Monday, February 4, 2008

The Mindbody connection and stretching

My Teacher often spoke of the Mindbody connection. In fact, he coined the phrase as one word, because the two are interconnected. Let's look at that.

When you feel happy, you feel it in your body. Your chair does not feel your happiness, your pillow does not feel your happiness, your body does. When you feel joy, you feel it in your body. Your car does not feel your joy. Your kitchen does not feel your joy, your body does.

When you feel angry, you feel it in your body. Your couch does not feel your anger, your computer does not feel your anger, your body feels your anger. When you feel sad, your table does not feel your sadness, your fork does not feel your sadness, your body feels your sadness. So, what we feel in our emotional body, we experience in our physical body. That's the mindbody connection related to our emotions and our physical being.

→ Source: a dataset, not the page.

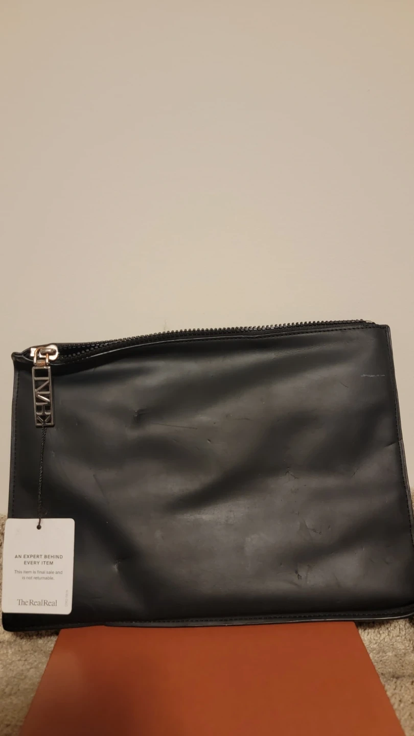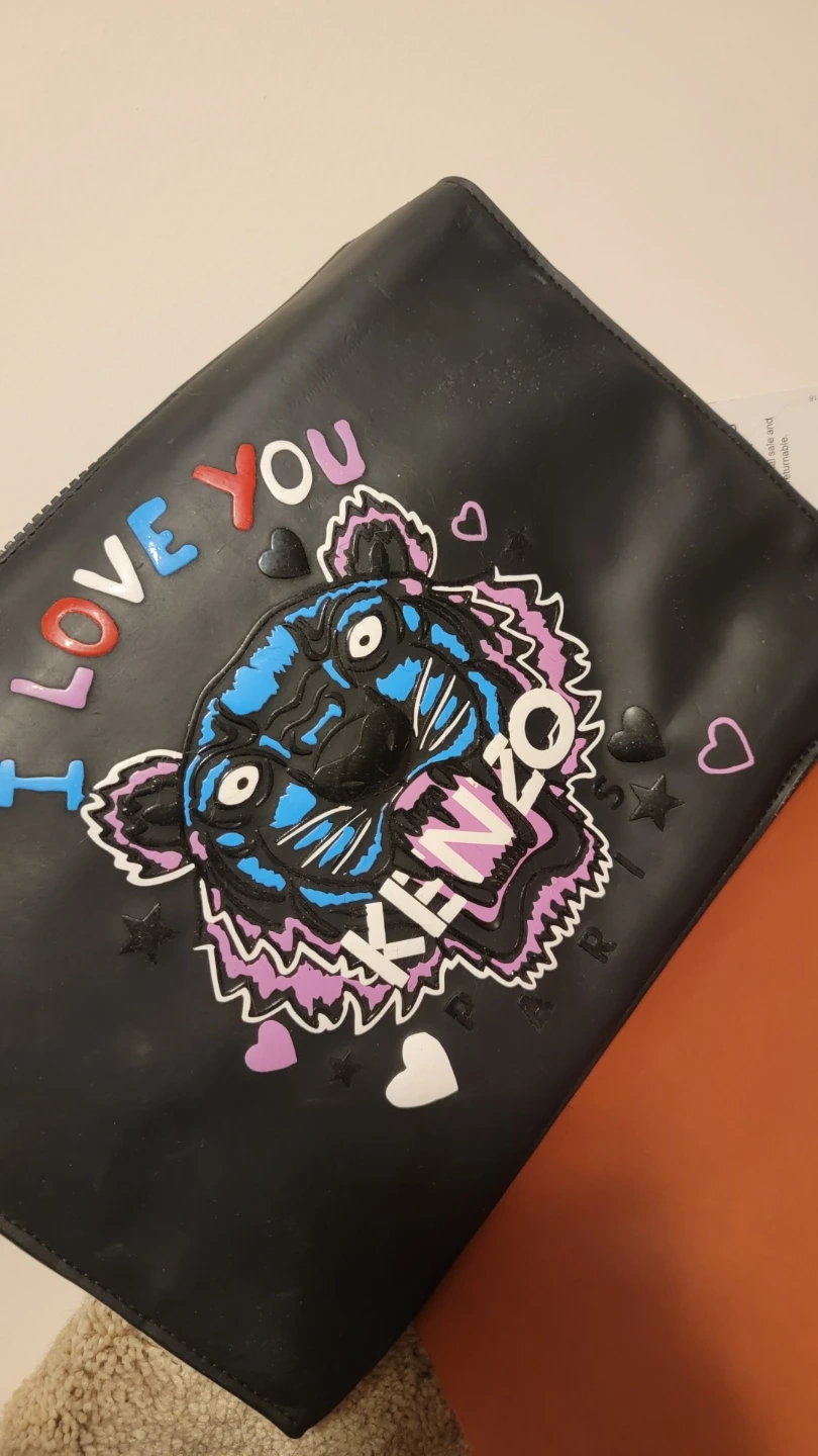 This KENZO clutch pouch features the iconic tiger head design with "I LOVE YOU" text. Black faux leather material with colourful 3D embellishments. It's a stylish accessory for carrying your essentials.

Now, the feelings of happiness, joy, love, satisfaction, are positive emotions, and the body does not tighten up to deal with them. We tend to just experience them for what they are. Positive emotions are light and feel good, so we seek to feel them again and again. True?

However, the feelings of anger, frustration, sadness, fear, are negative emotions, and the body reacts by tightening. This is a primitive way for the body to NOT FEEL those negative emotions. By and large, most people do not want to feel these emotions. So we tense to not experience them.

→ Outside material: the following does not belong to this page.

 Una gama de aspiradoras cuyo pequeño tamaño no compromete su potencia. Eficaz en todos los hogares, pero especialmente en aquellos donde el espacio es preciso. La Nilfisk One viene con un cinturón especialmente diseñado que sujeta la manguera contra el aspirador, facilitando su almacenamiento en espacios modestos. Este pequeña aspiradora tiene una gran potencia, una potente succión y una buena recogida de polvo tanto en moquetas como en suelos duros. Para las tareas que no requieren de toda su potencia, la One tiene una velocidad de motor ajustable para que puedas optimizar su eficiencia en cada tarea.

One of the things I find most beneficial about stretching is how it releases the tension in the body for whatever reason it is there. Whether the tightness is due to an old physical injury, lack of activity, or negative emotions, it does not matter. Strectching does not care, it does not judge, it is just a wonderful method to relax and open up the areas that are tight.

Sunday, February 3, 2008

Our First Guest Instructor, Noah Williams

I am happy to announce that our first Guest Instructor is Noah Williams. Noah hails from the Big Island in Hawaii. Noah teaches Ashtanga Yoga, and is a student of Pattabhi Jois. Check it out! For those of you that don't know about the Guest Instructor program, I have invited professionals who teach yoga, fitness, martial arts, etc, to teach a favorite stretch of theirs on Its all free, and will give readers some insights to other aspects of flexibility training. If you know someone who would be interested in being a Guest Instructor, tell them to email me.

Saturday, February 2, 2008

Why stretching makes you feel good

First, a travel backwards through time, please bear with me... Once upon a time, we lived in caves, hunted wild animals, spent time digging up roots and berries, and weathered extreme temperatures. Life was tough, and we dealt with it successfully. We were only motivated to really "tense" up, when there was a real threat: a dangerous animal was near, or there was an impending attack from another tribe.

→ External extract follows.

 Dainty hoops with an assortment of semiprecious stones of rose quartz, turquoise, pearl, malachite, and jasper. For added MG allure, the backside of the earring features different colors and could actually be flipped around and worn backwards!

So, our muscles served us well to keep us fed and warm and safe, and were only "motivated" to tense to extreme measures under a very REAL threat. Our bodies were in good shape from all the work we did just to survive.

Flashforward to today: We don't have to hunt or dig for food, we go to the supermarket. Our caves are lush and warm, with all the comforts you could ever need. Life is much easier, physically, and for the most part, we deal with it successfully. However, where we used to tense up against real threats, now we tense up against perceived threats. There are no tigers and bears, and in most of the world, we are relatively safe in our environment. When there was the threat of a tiger, we would tense, the tiger would walk away, we would relax. Now, if there is the threat of a paperwork deadline or a traffic jam, we tense, but we don't relax!!
This is why we need to stretch. Hands are tight from using keyboards, backs are sore from sitting in cars, and the one activity that does the opposite to those activities is STRETCHING.
If you get into a regular routine of stretching, you are undoing one of the stresses of modern life: tight muscles as a result of the condition we all live in.